#### [What is being asked]
All pictures are to be omitted while the lines starting at the line with "报道称,白宫纪念品商店网站上" and ending at the line with "Sofá Namoradeira 2" in the material below are retyped exactly, both ends included.

#### [Extracted entries]

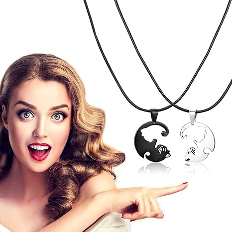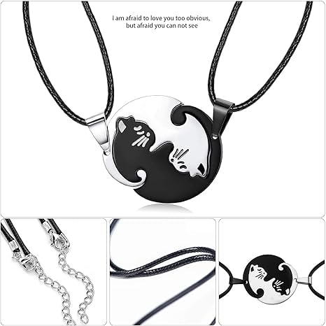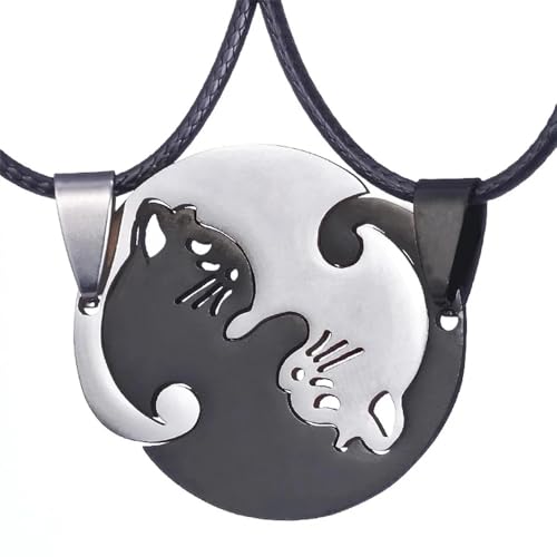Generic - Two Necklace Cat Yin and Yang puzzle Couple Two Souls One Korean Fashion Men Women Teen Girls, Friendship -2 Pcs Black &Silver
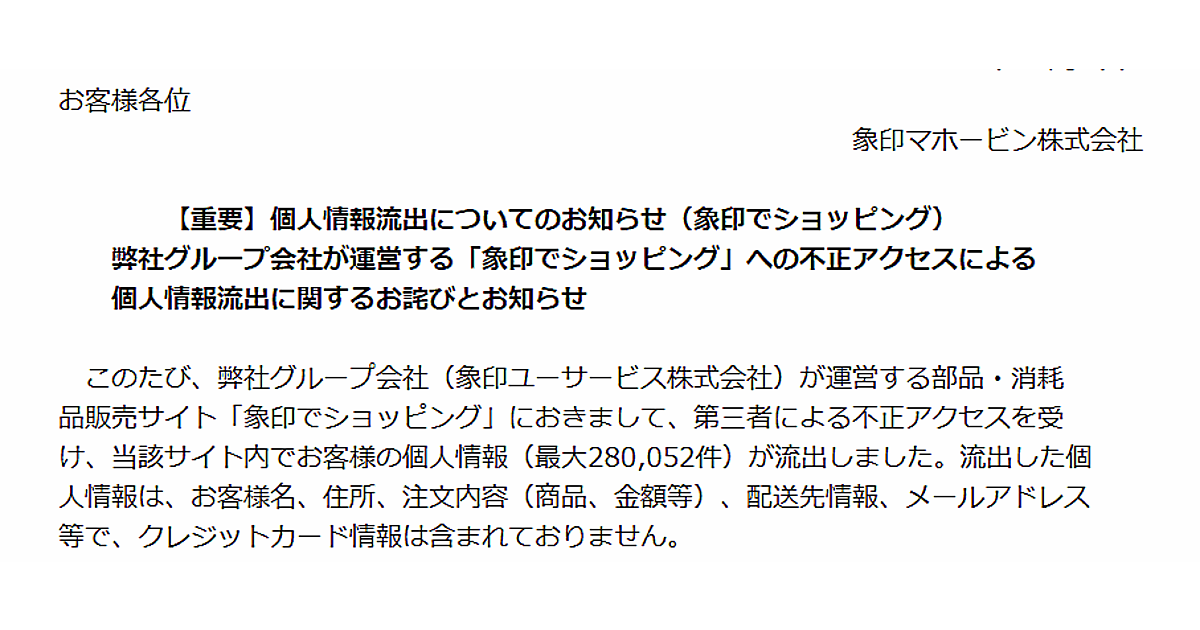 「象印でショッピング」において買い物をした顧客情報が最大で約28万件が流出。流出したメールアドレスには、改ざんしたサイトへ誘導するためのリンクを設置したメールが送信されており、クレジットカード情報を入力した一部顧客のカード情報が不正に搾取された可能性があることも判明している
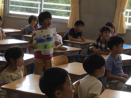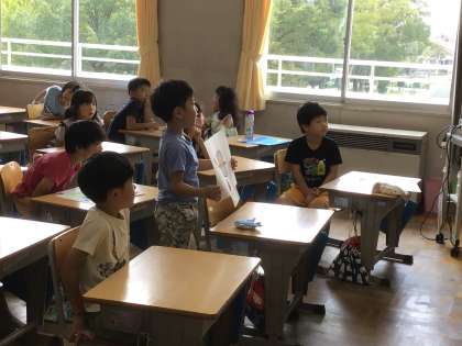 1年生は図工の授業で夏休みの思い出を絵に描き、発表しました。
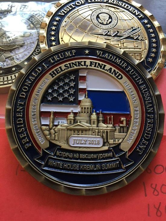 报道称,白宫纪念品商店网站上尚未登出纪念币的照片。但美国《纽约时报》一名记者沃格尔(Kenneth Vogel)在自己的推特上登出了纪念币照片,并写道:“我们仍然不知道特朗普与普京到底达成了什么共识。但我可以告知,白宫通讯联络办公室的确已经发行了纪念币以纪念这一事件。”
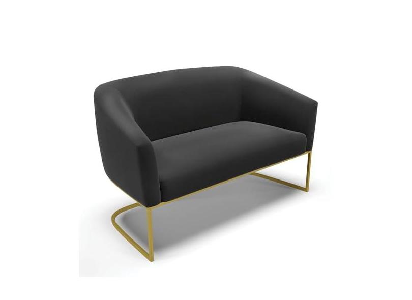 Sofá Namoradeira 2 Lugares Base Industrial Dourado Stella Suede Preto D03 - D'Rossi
* * *
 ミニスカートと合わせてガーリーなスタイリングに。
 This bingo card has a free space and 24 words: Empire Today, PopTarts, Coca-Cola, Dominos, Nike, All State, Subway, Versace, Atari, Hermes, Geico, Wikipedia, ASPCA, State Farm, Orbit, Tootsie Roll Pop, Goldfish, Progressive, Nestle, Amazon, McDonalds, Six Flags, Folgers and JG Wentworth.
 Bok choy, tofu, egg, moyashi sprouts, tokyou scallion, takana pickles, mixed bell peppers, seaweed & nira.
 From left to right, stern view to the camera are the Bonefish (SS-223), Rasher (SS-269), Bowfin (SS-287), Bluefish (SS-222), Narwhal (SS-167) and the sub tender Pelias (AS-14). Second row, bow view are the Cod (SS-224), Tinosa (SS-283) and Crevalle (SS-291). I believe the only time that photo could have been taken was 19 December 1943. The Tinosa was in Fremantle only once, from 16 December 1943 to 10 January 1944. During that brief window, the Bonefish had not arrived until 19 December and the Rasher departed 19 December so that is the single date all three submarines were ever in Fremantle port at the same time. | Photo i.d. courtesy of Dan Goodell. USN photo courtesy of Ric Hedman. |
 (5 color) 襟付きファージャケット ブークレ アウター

#### [The completed task]
 报道称,白宫纪念品商店网站上尚未登出纪念币的照片。但美国《纽约时报》一名记者沃格尔(Kenneth Vogel)在自己的推特上登出了纪念币照片,并写道:“我们仍然不知道特朗普与普京到底达成了什么共识。但我可以告知,白宫通讯联络办公室的确已经发行了纪念币以纪念这一事件。”
 Sofá Namoradeira 2 Lugares Base Industrial Dourado Stella Suede Preto D03 - D'Rossi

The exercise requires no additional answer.